Why is it that the moment you have a child everyone thinks they know better than you? During the first quarter of Charly's life, I was told that the baby was too fat (where was her neck? wasn't she becoming a little too tubby?), her male-sounding name would give her a complex and cause gender-confusion, did we want a boy - was that why she was not in pink 24/7?, she needed socks the minute the temperature dropped below room temperature (try this on a baby who hated wearing socks and mittens)...and on and on it went. In my recovering-from-a-c-section haze, along with the pressure of planning the baptismal party in less than 3 weeks to the day we brought the baby home, I soon developed a way of zoning out (think of your favorite peaceful place and transport yourself there) which soon became a hardened mask to protect me from buckling under the weight of all the advice.

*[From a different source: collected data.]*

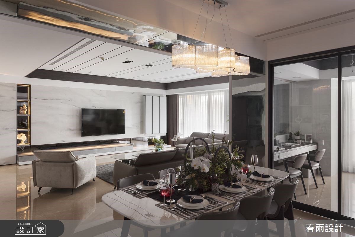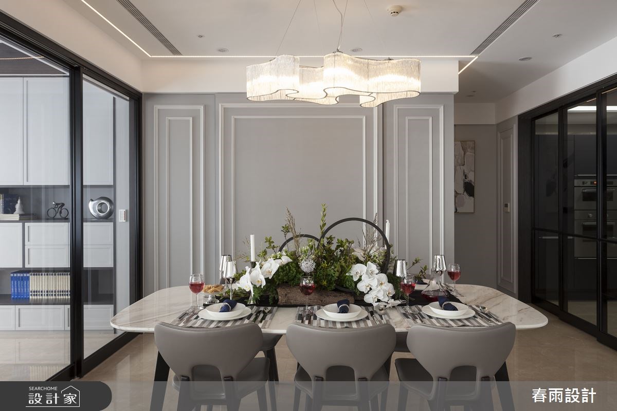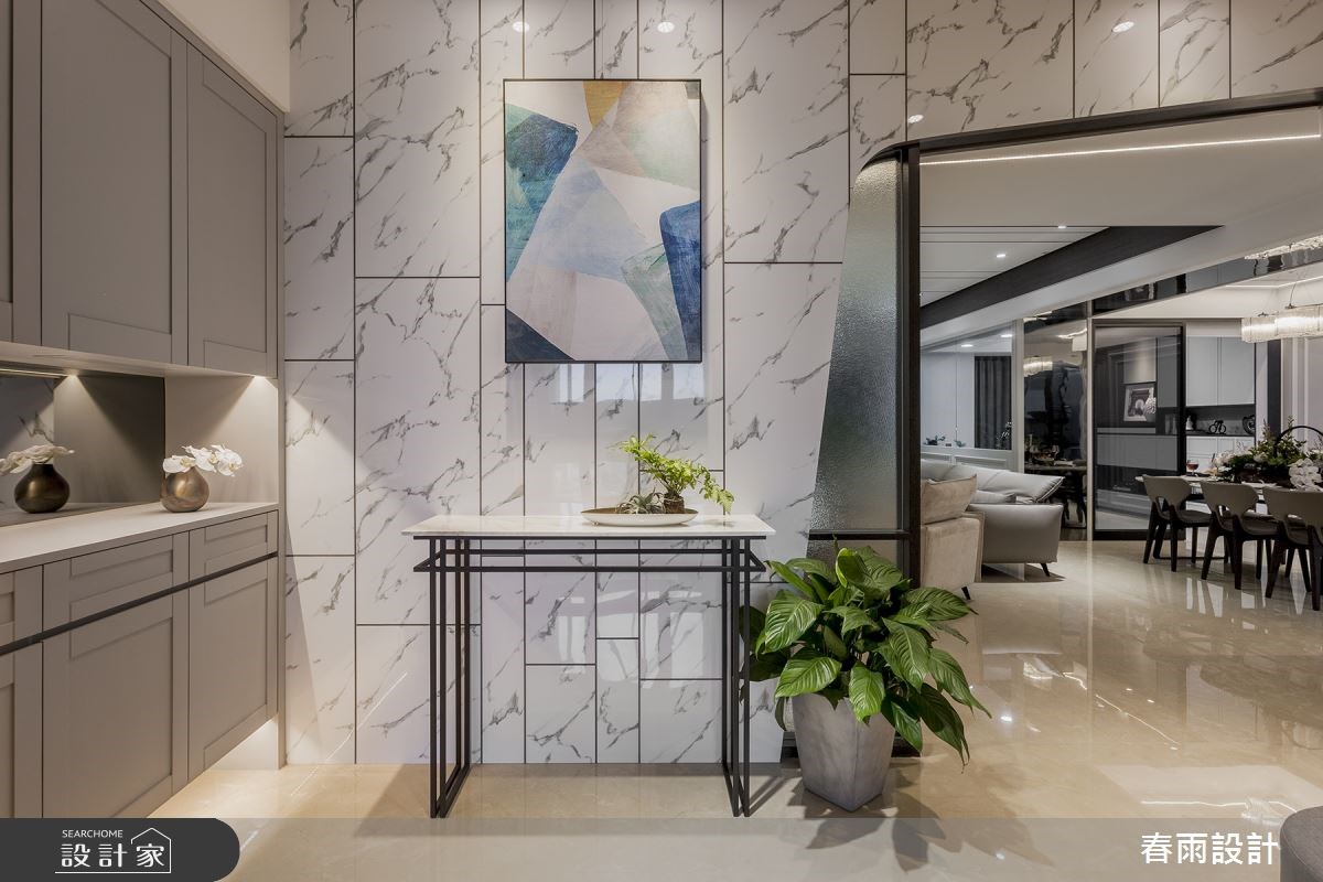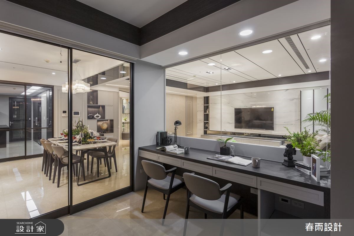 甫入玄關,拼貼大理石牆為底,在掛畫與植栽陪襯下形塑端景牆面,並以鏡面與線板元素延伸入內,演繹多樣化神采替空間揭開序幕。方正、敞亮的公領域,天花板利用線條拉開空間尺度,間距不一恰恰帶來活潑的節奏感;米色、褐色、棕色的軟性家飾,則帶來中性沈穩的溫暖氣場,和餐廳背牆成為最佳呼應,大理石餐桌和燈飾更使流露微奢氣氛。書房區域,以玻璃結合線板打造輕隔間,援引光線入室,保留開放性的視野,卻又創造保留隱私的獨立場域。
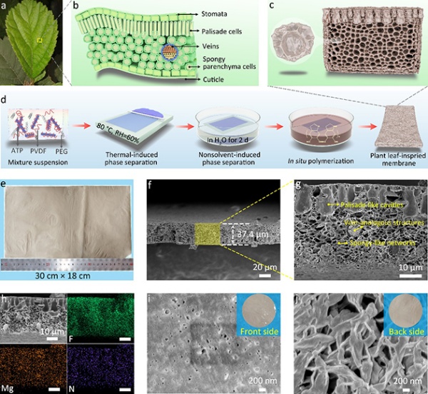 圖1.?仿樹葉結構凹凸棒石/聚合物復合隔膜的制備及表征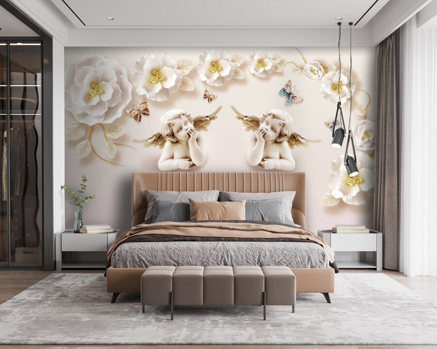 Predstavte si to na stene – dvojicu roztomilých anjelikov s krídlami, obklopených zasneženými nadrozmernými kvetmi a jemne poletujúcimi motýľmi. Je to ako vstúpiť do rozprávkovej záhrady vždy, keď vstúpite do miestnosti. Táto nástenná maľba nie je len dekoráciou – je to celá nálada. Predstavte si, že prídete domov po dlhom dni a privíta vás táto pokojná scéna, ktorá vám okamžite zdvihne náladu. Ideálna pre každého, kto miluje nádych rozmarnosti s prímesou elegancie. Navyše je to úžasný podnet na rozhovor – hostia sa neprestávajú rozplývať nad vaším umeleckým vkusom. Tu sa stretáva architektúra s rozprávkovým šarmom – ideálne pre tých, ktorí túžia po troche kúzla v každodennom živote.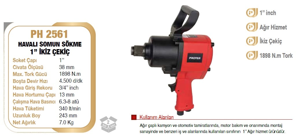 Proter Havalı Somun Sökme 1'' İkiz Çekiç PH 2561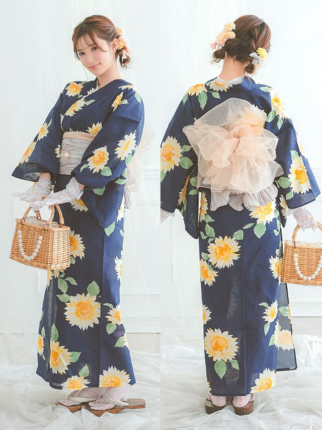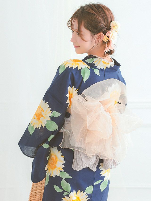 後ろ姿まで可愛いを演出♪ 浴衣 SWEET グラデーション 向日葵 ゆかた3点セット (浴衣+兵児帯+下駄)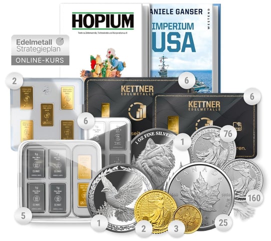 Mit unserem strategisch konzipierten Rettungs-Paket L bieten wir Ihnen maximale Sicherheit durch eine perfekt ausbalancierte Kombination aus Gold und Silber. Die sorgfältig gewählten Stückelungen vereinen optimalen Inflationsschutz mit der Flexibilität eines praktischen Tauschmittels - ideal für alle, die in unsicheren Zeiten auf echte Werte setzen.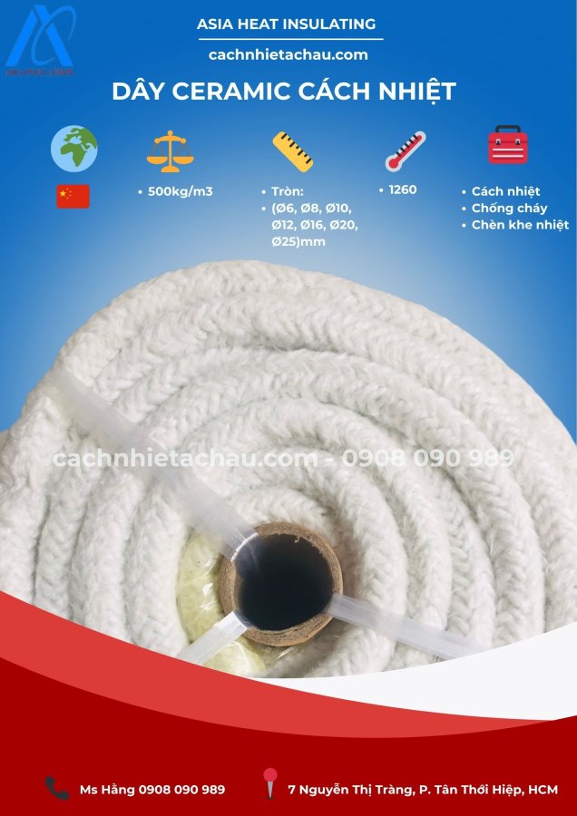 Dây sợi gốm ceramic, hay còn gọi là dây sợi ceramic, là một loại vật liệu cách nhiệt được làm từ sợi gốm. Loại dây này có nhiều đặc tính ưu việt như chịu nhiệt độ cao, cách nhiệt tốt và có khả năng chống lại sự ăn mòn từ các hóa chất.

Two years later, I am still getting hit with it, but I've now developed a sense of humor (and this blog) to keep my wits about me.

I've learned that parenting is something which everyone will always have an opinion on. Best of all, I've learned to keep my mouth shut and not argue back and defend my parenting style. After all, Charly is healthy, happy, knows her Matisse from Van Gogh, her Gucci from Hermes, hiphop from jazz, and most of all, loves, loves, loves to read. Pepe and Riggs are her best friends and they have not bitten each other. Despite her guy-sounding name, she is a girly girl who says 'yuck' when handling wet clay. Yet she is also rugged enough to put on her favorite baseball cap backside forward.

The bottom line: we all know our children best. And because no two children are alike, you can only take what you think will work and screen out the rest. And pray, pray, pray.

Yes, I do give mommy advice, but only when asked or when comparing notes.

And yes, I do resist the urge to pat pregnant women's tummies and ask if it's a girl or boy.